[Opening Data section section]

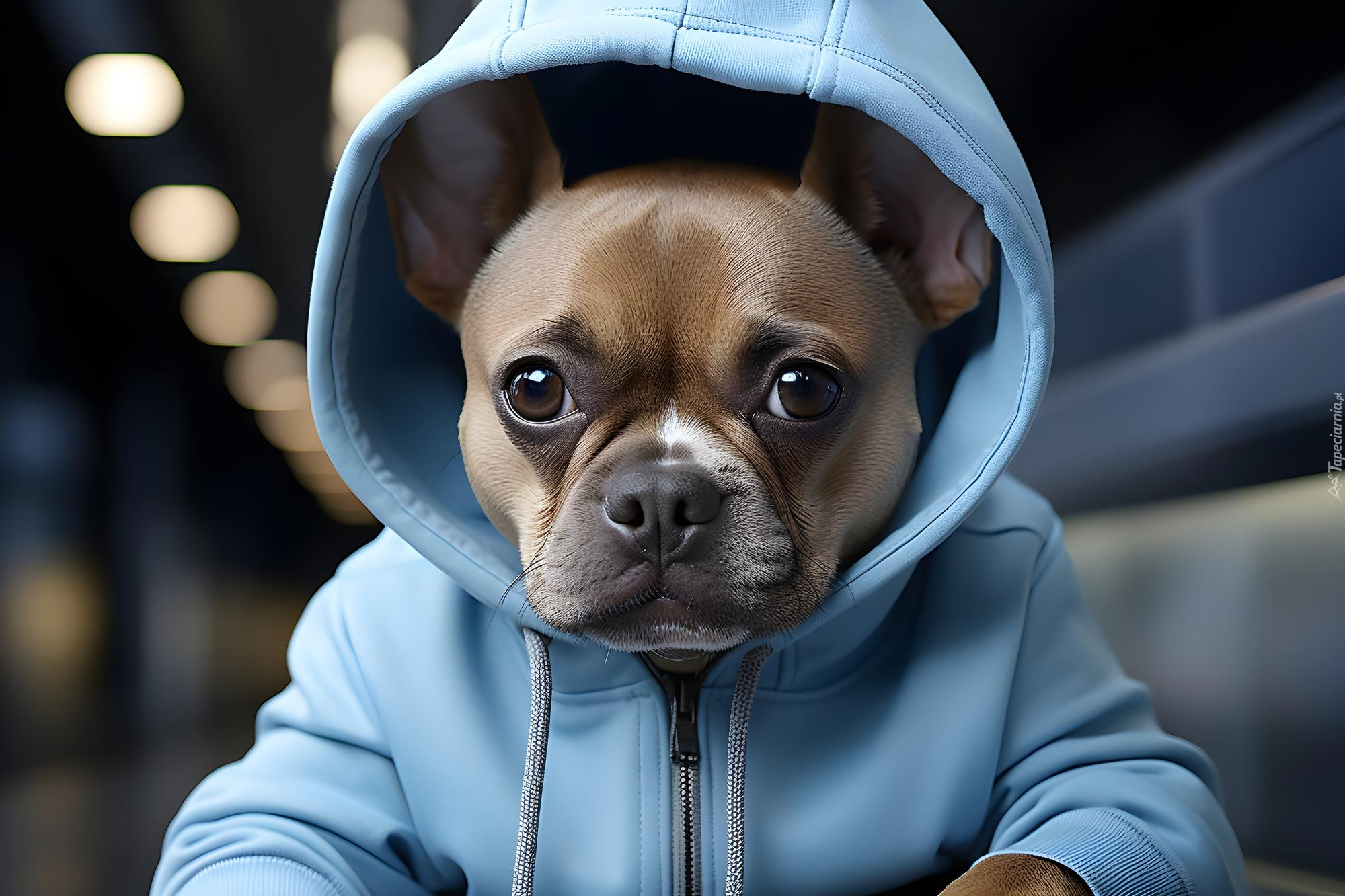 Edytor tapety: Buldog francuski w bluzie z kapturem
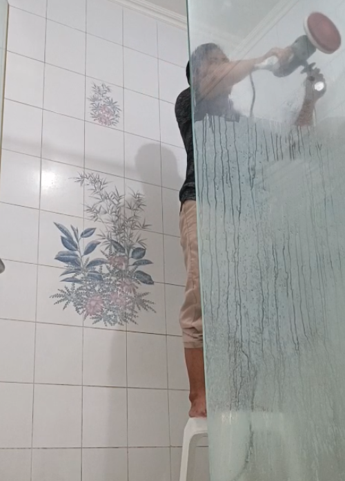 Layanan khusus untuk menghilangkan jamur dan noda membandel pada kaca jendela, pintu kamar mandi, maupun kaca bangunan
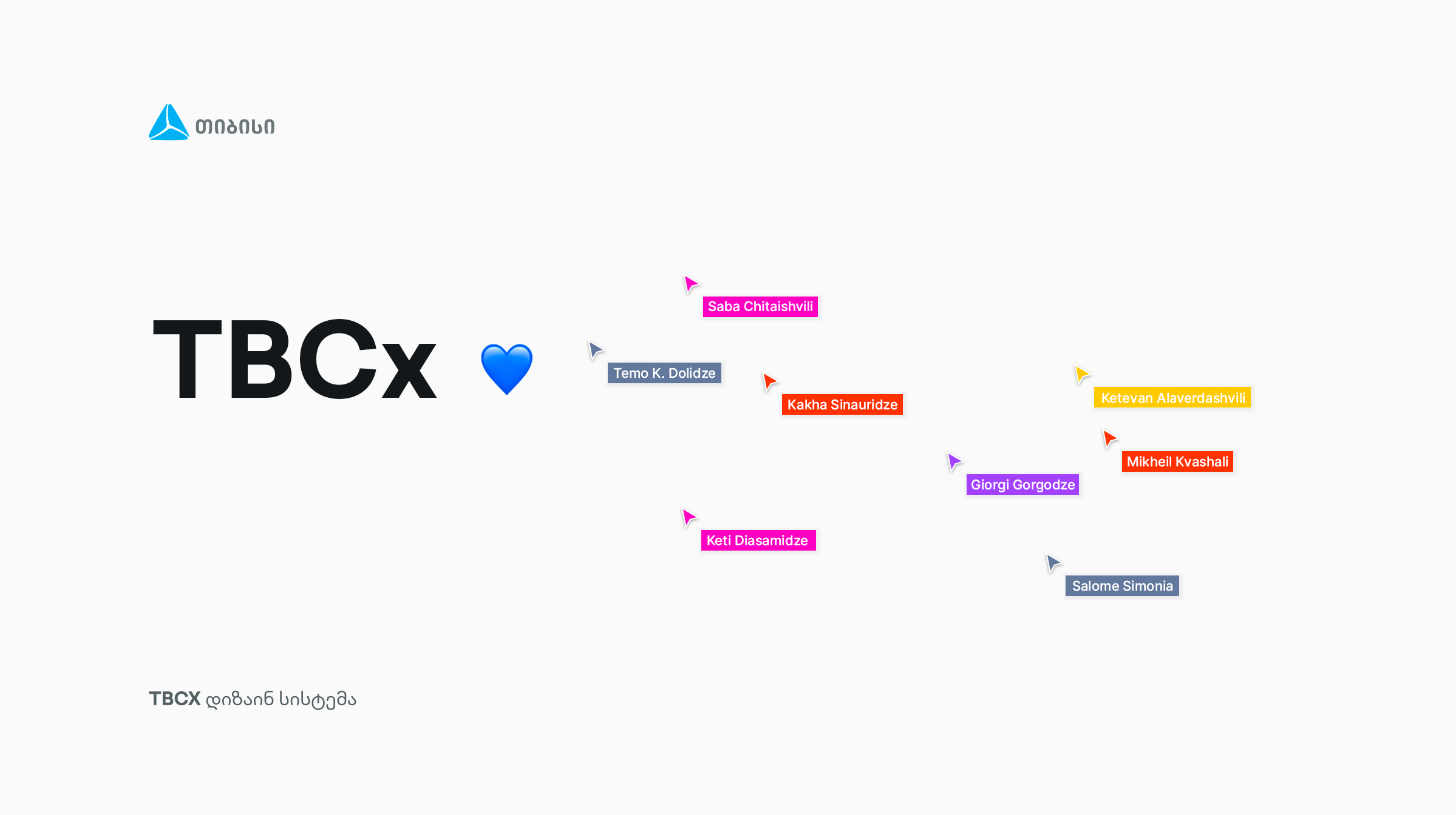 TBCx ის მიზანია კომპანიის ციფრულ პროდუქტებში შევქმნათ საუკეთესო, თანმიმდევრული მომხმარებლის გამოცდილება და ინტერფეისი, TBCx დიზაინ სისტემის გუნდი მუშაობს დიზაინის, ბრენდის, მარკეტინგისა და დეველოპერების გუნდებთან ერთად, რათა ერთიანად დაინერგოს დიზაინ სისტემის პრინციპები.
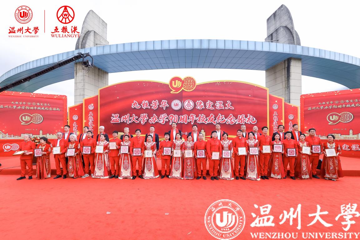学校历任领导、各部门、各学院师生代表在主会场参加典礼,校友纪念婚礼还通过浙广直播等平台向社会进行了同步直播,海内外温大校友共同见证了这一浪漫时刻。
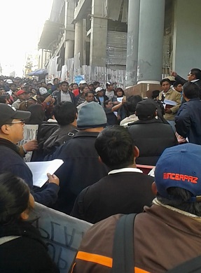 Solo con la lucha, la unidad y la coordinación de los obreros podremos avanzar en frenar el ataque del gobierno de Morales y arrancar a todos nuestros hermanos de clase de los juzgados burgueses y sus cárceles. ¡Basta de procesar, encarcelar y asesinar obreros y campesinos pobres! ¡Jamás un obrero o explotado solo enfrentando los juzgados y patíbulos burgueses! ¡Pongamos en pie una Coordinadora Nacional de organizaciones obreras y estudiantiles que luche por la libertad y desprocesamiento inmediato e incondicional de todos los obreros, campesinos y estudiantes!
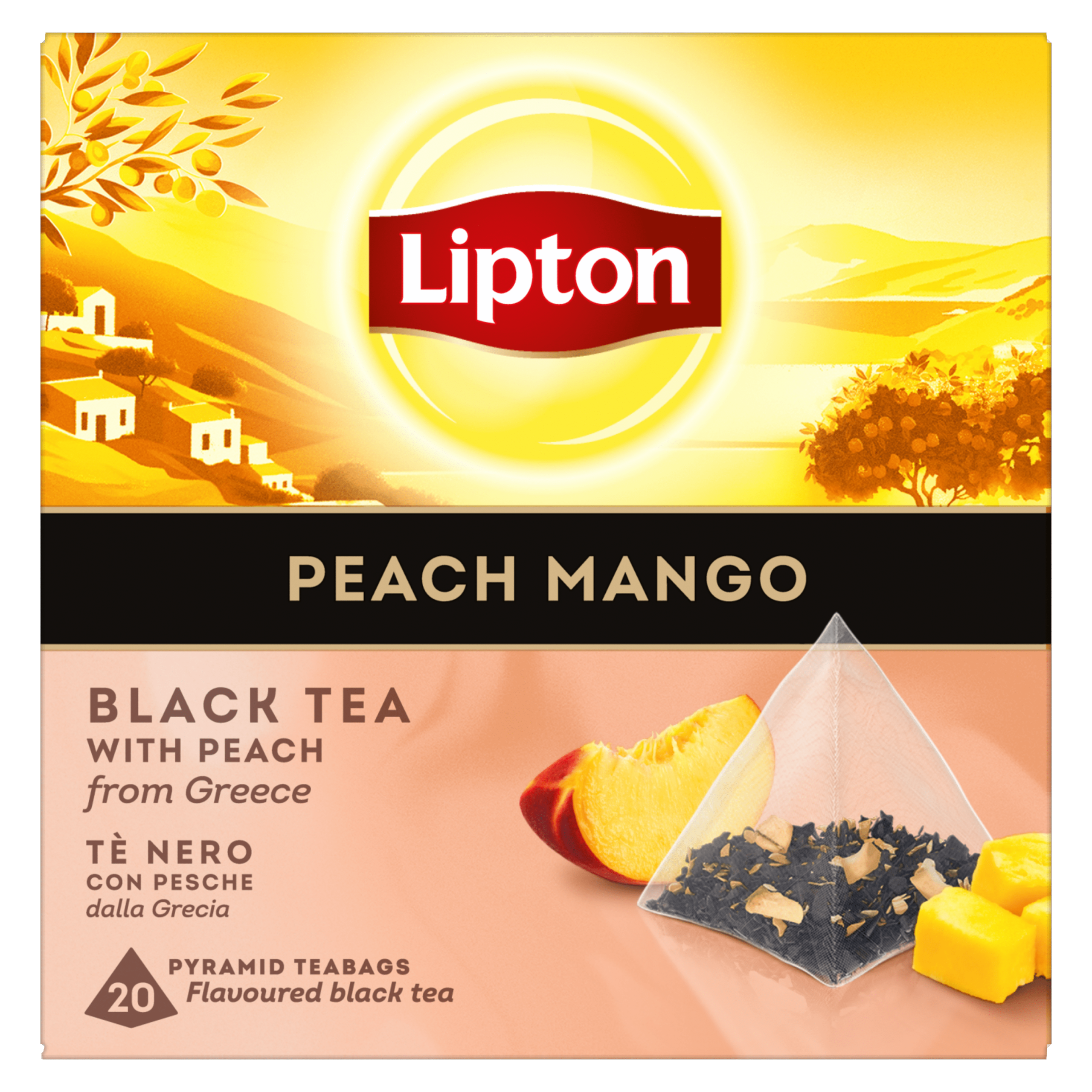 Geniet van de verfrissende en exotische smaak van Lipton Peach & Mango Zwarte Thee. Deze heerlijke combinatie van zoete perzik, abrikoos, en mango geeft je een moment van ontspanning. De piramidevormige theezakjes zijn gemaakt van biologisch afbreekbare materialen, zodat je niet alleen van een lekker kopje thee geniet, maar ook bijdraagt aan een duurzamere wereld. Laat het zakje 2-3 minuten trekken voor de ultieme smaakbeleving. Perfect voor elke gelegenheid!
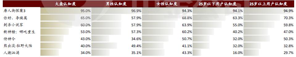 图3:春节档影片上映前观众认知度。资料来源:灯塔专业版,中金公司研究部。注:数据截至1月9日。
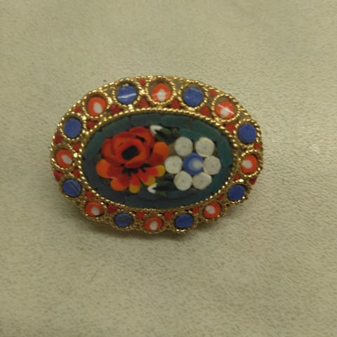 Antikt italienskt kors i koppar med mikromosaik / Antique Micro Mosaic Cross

[Closing Data section section]

Assignment —
Skip all pictures. Then give again, exactly, each line from the line holding "Solo con la" through the last line of the listing above, both ends included.

Exercise result —
 Solo con la lucha, la unidad y la coordinación de los obreros podremos avanzar en frenar el ataque del gobierno de Morales y arrancar a todos nuestros hermanos de clase de los juzgados burgueses y sus cárceles. ¡Basta de procesar, encarcelar y asesinar obreros y campesinos pobres! ¡Jamás un obrero o explotado solo enfrentando los juzgados y patíbulos burgueses! ¡Pongamos en pie una Coordinadora Nacional de organizaciones obreras y estudiantiles que luche por la libertad y desprocesamiento inmediato e incondicional de todos los obreros, campesinos y estudiantes!
 Geniet van de verfrissende en exotische smaak van Lipton Peach & Mango Zwarte Thee. Deze heerlijke combinatie van zoete perzik, abrikoos, en mango geeft je een moment van ontspanning. De piramidevormige theezakjes zijn gemaakt van biologisch afbreekbare materialen, zodat je niet alleen van een lekker kopje thee geniet, maar ook bijdraagt aan een duurzamere wereld. Laat het zakje 2-3 minuten trekken voor de ultieme smaakbeleving. Perfect voor elke gelegenheid!
 图3:春节档影片上映前观众认知度。资料来源:灯塔专业版,中金公司研究部。注:数据截至1月9日。
 Antikt italienskt kors i koppar med mikromosaik / Antique Micro Mosaic Cross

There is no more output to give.